The depth of recesses formed by embossing or the like is preferably 1 to 50 μm, more preferably 2 to 30 μm, even more preferably 5 to 20 μm. Adhesiveness with the coating film 30 improves that the depth of a recessed part is more than the said lower limit. On the other hand, when the depth of the concave portion is equal to or less than the upper limit value, the topcoat base material 12 is less likely to be torn, which is preferable. The depth of the recess means the average value of the depth from the flat surface of the surface of the topcoat substrate 12 to the bottom of the recess, and the average value of the depths of 20 arbitrarily selected recesses may be calculated. .

The front surface, back surface, or both surfaces of the topcoat substrate 12 are subjected to corona discharge treatment, plasma treatment, primer layer formation, or the like in order to improve the adhesion of the adhesive layer 11 and the coating film 30 to the topcoat substrate 12. may
The topcoat base material 12 may contain various additives such as stabilizers, plasticizers, colorants, ultraviolet absorbers, hindered amine light stabilizers, and extender pigments, if necessary. In addition, the topcoat base material 12 may be colored, and in that case, a known coloring agent can be used.
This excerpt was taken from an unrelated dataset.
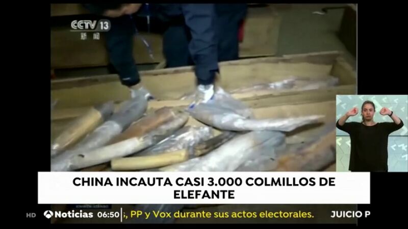 Las autoridades chinas han interceptado casi tres mil colmillos de elefante, más de 7 toneladas, en una redada contra el tráfico de animales. La policía ha detenido a 20 personas.

In addition, the bonding surface of the repair pressure-sensitive adhesive tape 10 may be protected by attaching a release sheet before being bonded to the repair target surface 20A. As the release sheet, at least one surface of a substrate such as a resin film is subjected to a release treatment with a silicone-based release agent or the like.

<Step (A2)>
In step (A2), the topcoat paint (paint composition) is applied onto the topcoat base material 12 to form the paint film 30 . In the present invention, by forming the coating film 30 with the top coating, the weather resistance is improved and the corrosion resistance is ensured even after a long period of time has passed since the construction. In addition, since the topcoat paint contains a pigment, which will be described later, color matching with the pre-repair coating film 25 around the surface to be repaired 20A, which has already been painted, can also be performed.

(Topcoat paint)
The topcoat to be coated on the topcoat substrate 12 is a resin paint containing at least one resin selected from urethane resin, acrylic resin, butadiene resin, silicone resin, fluorine resin, vinyl ester resin, epoxy resin, or the like, or Inorganic paint etc. are mentioned. Each resin paint may be either one-pack type or two-pack type.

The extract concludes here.